A team of researchers affiliated with various South Korean institutions have created microrobots that would be able to serve as bridge-builders between rat nerve cell networks. In their paper published in the journal Science Advances, the researchers have explained how they constructed the microrobots and how they served as a bridge-builder between neural networks.
According to the authors of the study, these tiny robots can function as nerve cell connectors and join gaps between two different groups of cells. The group believes that these microscopic patches may result in more advanced ways to grow networks of nerve cells in the laboratory. More importantly, however, they may even illustrate ways to repair severed nerve cells in people.
Microrobots, illustation

What is the study about?

Over the years, scientists have attempted different ways to study the brain. One of the approaches has been to try to grow a brain from nerve cells. Previous work has demonstrated that growing a network of neural cells on a glass plate is possible. However, that network is two-dimensional. In this new approach, though, the researchers have taken a step towards creating a three-dimensional neural network by designing a way to connect two-dimensional networks using microrobots.
Engineers Eunhee Kim and Hongsoo Choi, both of the Daegu Gyeongbuk Institute of Science and Technology in South Korea, along with their colleagues, first built rectangular robots that were 300 micrometers long and 95 micrometers wide out of a polymer-coated with nickel and titanium. The microrobots’ movement was controlled by applying external magnetic fields.
Microrobots, nerve cells
The researchers found that these microrobots were productive grounds for rat nerve cells. Once the cells began to grow, their message-sending axons and message-receiving dendrites deftly followed the lined grooves of the robots. Next, the team grew another neural network on the surface of the microrobot. After all the networks had grown and were in place the researchers used a steadier magnetic field to the robot to drive it into place between the other two neural networks.
They found that the nerve cells on the microrobot grew out toward the clusters and the cells in the clusters grew onto the bot. Over a short period of time, a bridge was formed between the two original neural networks. Furthermore, electrodes revealed that these new connections enabled neural signals to flow from one bunch of nerve cells to another.

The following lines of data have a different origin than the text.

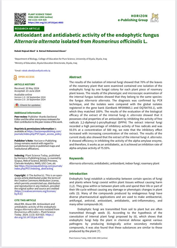في مجلة Plant Science Today الصادرة عن دار النشر HORIZON e-Publishing Group، والمصنفة ضمن مستوعبات سكوبس (Q3).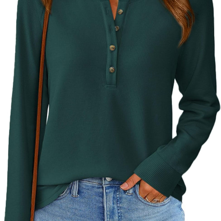PRETTYGARDEN Camisas de manga larga para mujer, de punto gofre, para otoño, cas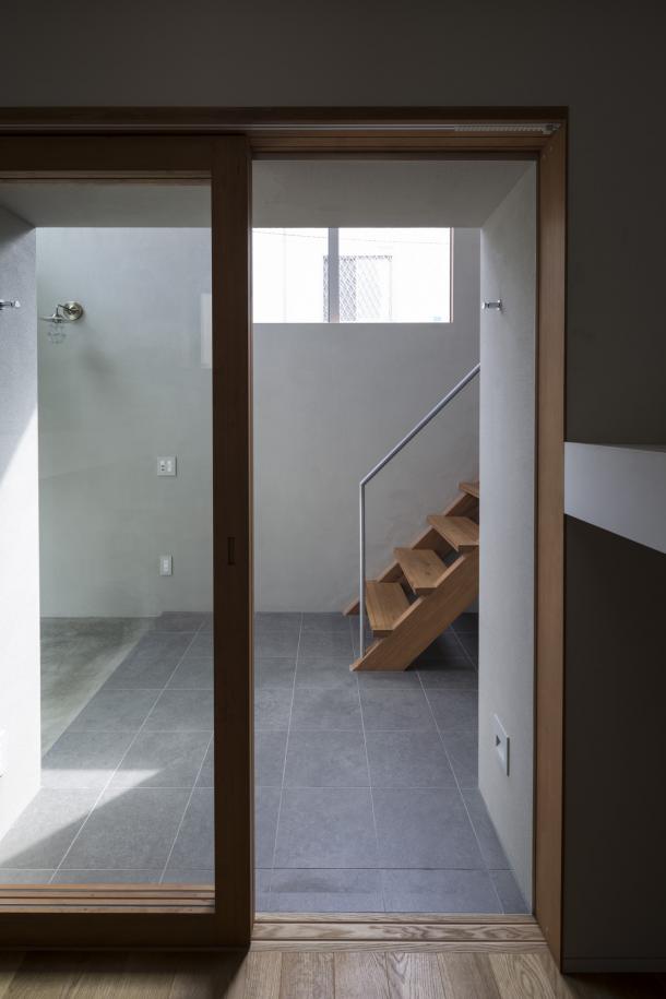居住スペース側の壁は意図的に厚くし、出入口というよりは大きな開口部を設けて外壁と同等な境界面として意識させることで、ホールが少しだけ特別な場所になるよう留意した。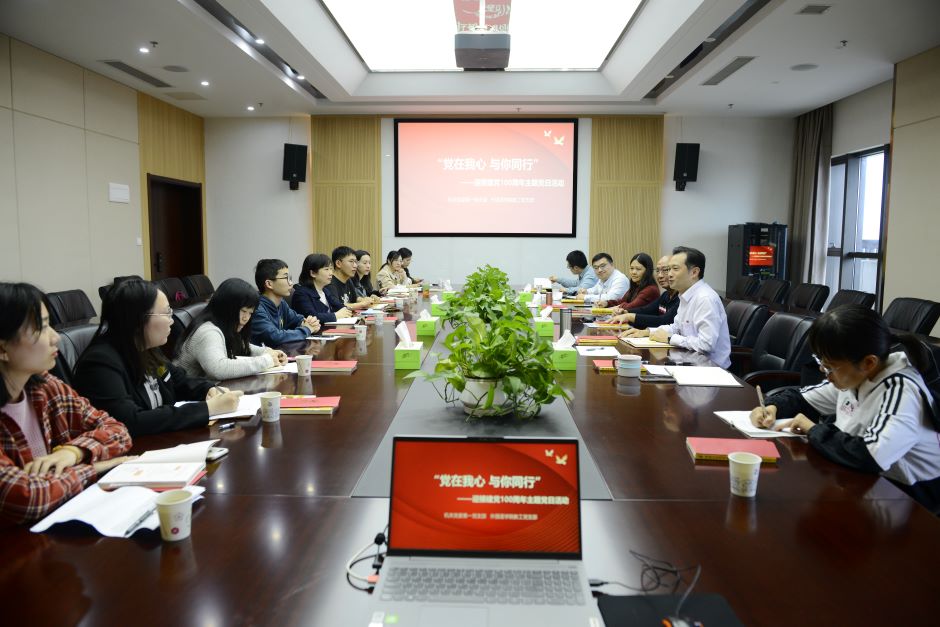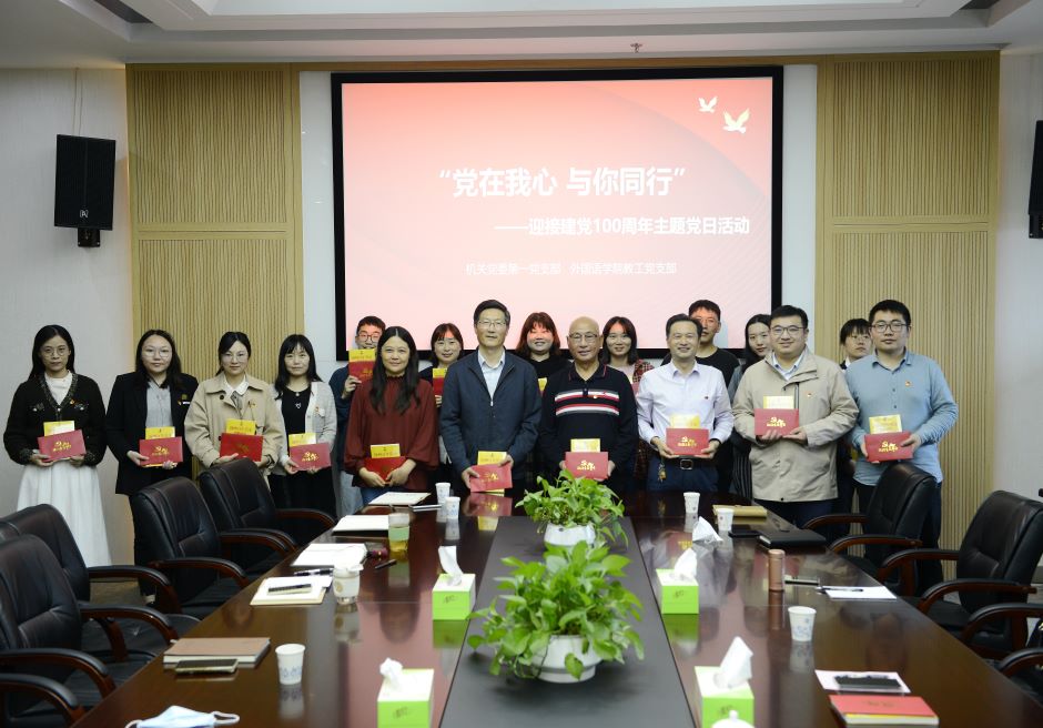 为庆祝中国共产党成立100周年,深入推进党史学习教育常态化,巩固深化“不忘初心、牢记使命”主题教育成果,10月15日,机关党委一支部开展“党在我心 与你同行”庆祝建党100周年主题党日活动。活动主要分三个部分进行,第一部分观看《永葆初心:习近平讲述百年征程》《美术经典中的党史》等有关党史的视频,从党的历史中汲取伟大的精神动力。第二部分给党员同志过集体“政治生日”。第三部分以座谈的方式进行,特邀我校原党委书记方国才、外国语学院教工党支部部分党员一起参加,老中青三代党员共同忆初心、明职责、谈感悟。
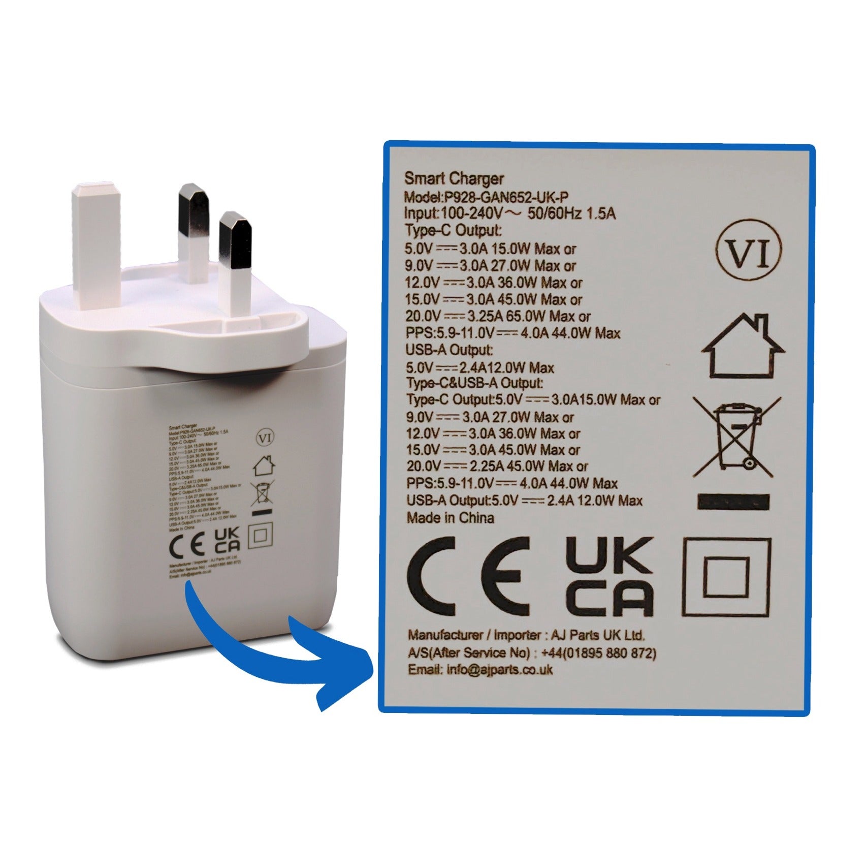 HP Elite Dragonfly G2 (3C8E3EA) 65W Dual Port USB-C & USB-A White Wall Plug AJP Replacement Charger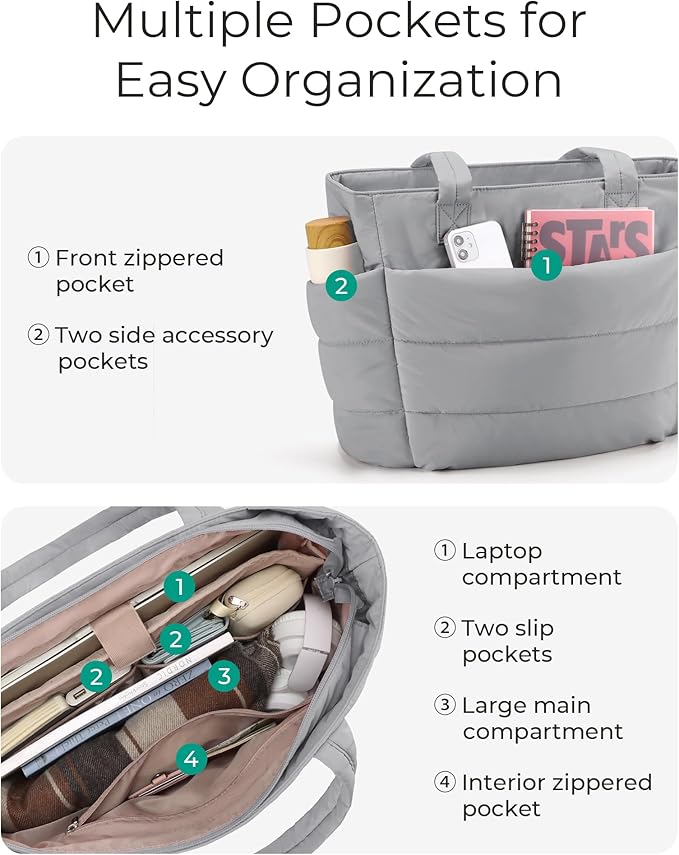 BAGSMART Tote Bag for Women, Lightweight Puffy Tote Bag with Compartments Shoulder Bag Handbag for Travel, Work, Gym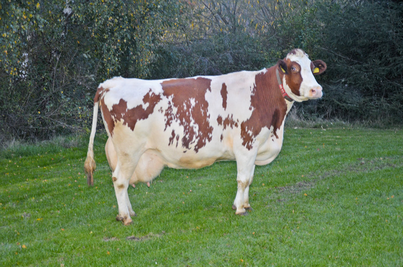 In einer absolut beeindruckenden Verfassung wurde auf dem Hof der Familie Golomb in Schwarzenborn die Malvoy-Tochter Prima VG 86 nach Überschreiten der 100 000 Liter-Grenze vorgestellt. Das Leistungspotential ist hier offensichtlich von beiden Elternteilen weitergegeben worden, denn ihre Mutter lag hinsichtlich Milchmenge auf einem sehr guten Niveau und Malvoy gehört auch heute noch zu den absoluten Spitzenbullen für Milchleistungsmerkmale. Das kann man auch daran erkennen, dass die Durchschnittsleistung der Kuh bei acht Abkalbungen in der Größenordnung von 12.616 - 3,31 - 3,26 liegt und zwei Laktationsleistungen lagen über 15 000 kg Milch. „Das hat die Kuh problemlos gemacht“, fasst Heidi Golomb die Leistungsbereitschaft von Prima zusammen, die in der Herde, die seit 15 Jahren automatisch gemolken wird, keinerlei Sonderbehandlungen erfährt. Über die in direkter Linie vorhandene weibliche Nachzucht, aber auch die Nachkommen ihres Sohnes Pablo, der im Betrieb genutzt wurde, wird die überlegene Genetik hinsichtlich Leistungsmerkmalen und Fitness dieser Spitzenkuh weiterverbreitet.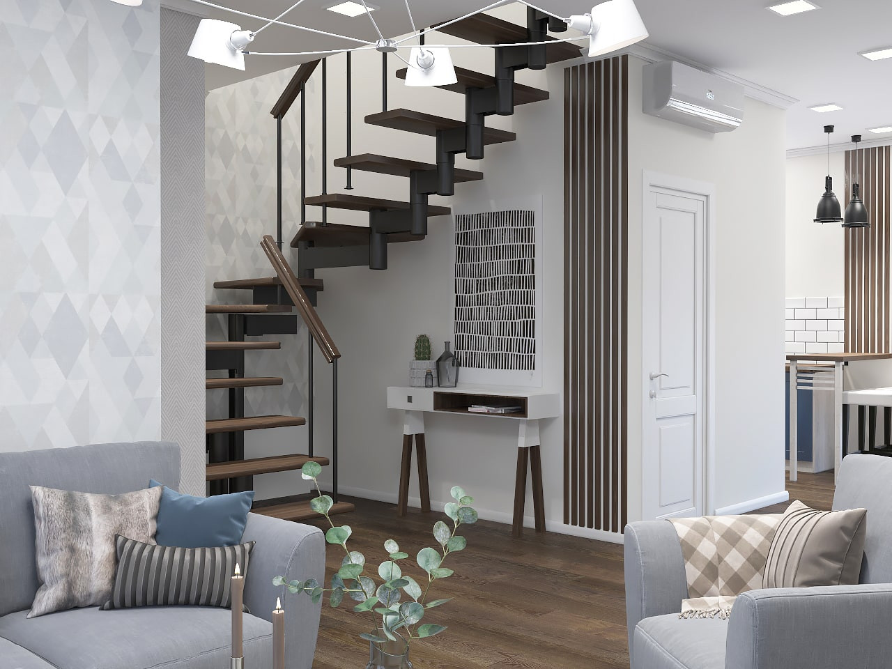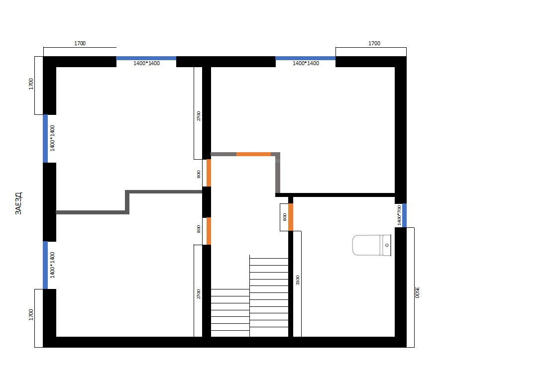 - 1 этаж - кухня гостиная, ванна - туалет, кабинет (спальня), котельная.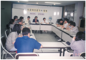 2001년 6월 29일, 평화여성회 사무실에서 2001 MD저지와 평화실현공대위 주관으로 개최된 미 군축전문가 랜달 캐롤라인 포스버그 간담회 현장 사진
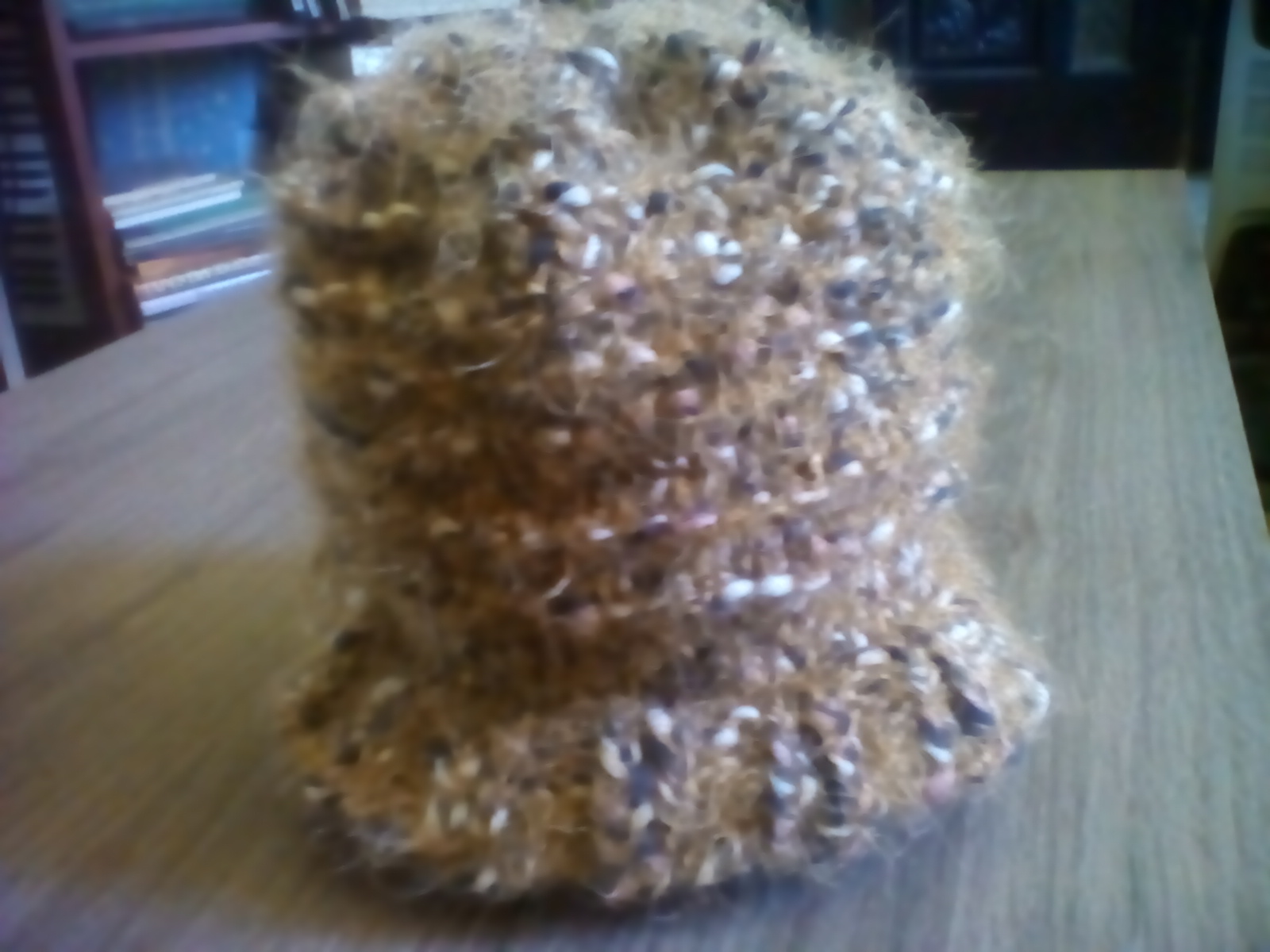 The yarn was a fuzzy mohair type (there was no label on this donated yarn). The loom was the fine gauge small (toddler) KB. The pattern was my own invention. Brim two by two ribbing the rest 1 row flat knit stitch, 1 row U-wrap, 1 row e-wrap, 1 row purl, and then what I hear is called an upper purl where you take the flat working yarn down through the loop on the peg and bring only the resulting loop over the peg leaving the first loop where it was. It gave a bit of a textured stripe. ??? I don’t have a model to put little hats on. This one I used my coffee cup. In this first picture, the brim is down.

How can these neural bridges be useful for humans?

The team has said that with the help of these neural bridges, they can design improved replicas of intricate nerve cell networks in the brain. More importantly, this could result in repairing nerves in injured patients.
Microrobots, brain
“The proposed microrobot and its application could act as a fundamental in-vitro system capable of the targeted neuronal cell delivery and the formation of an active neural network and, thus, facilitate the study of neural networks and neural connectivity to gain a better understanding of brain function, especially for in-vitro study,” the team concluded in their research paper. 
If this approach does prove to be successful, then identical systems can also be used to find new ways of studying nerve cell growth. It could lead to revolutionary therapies for people with nerve injuries. We will now have to wait and watch if scientists can indeed use the proposed microrobot and apply it for desired results in the future.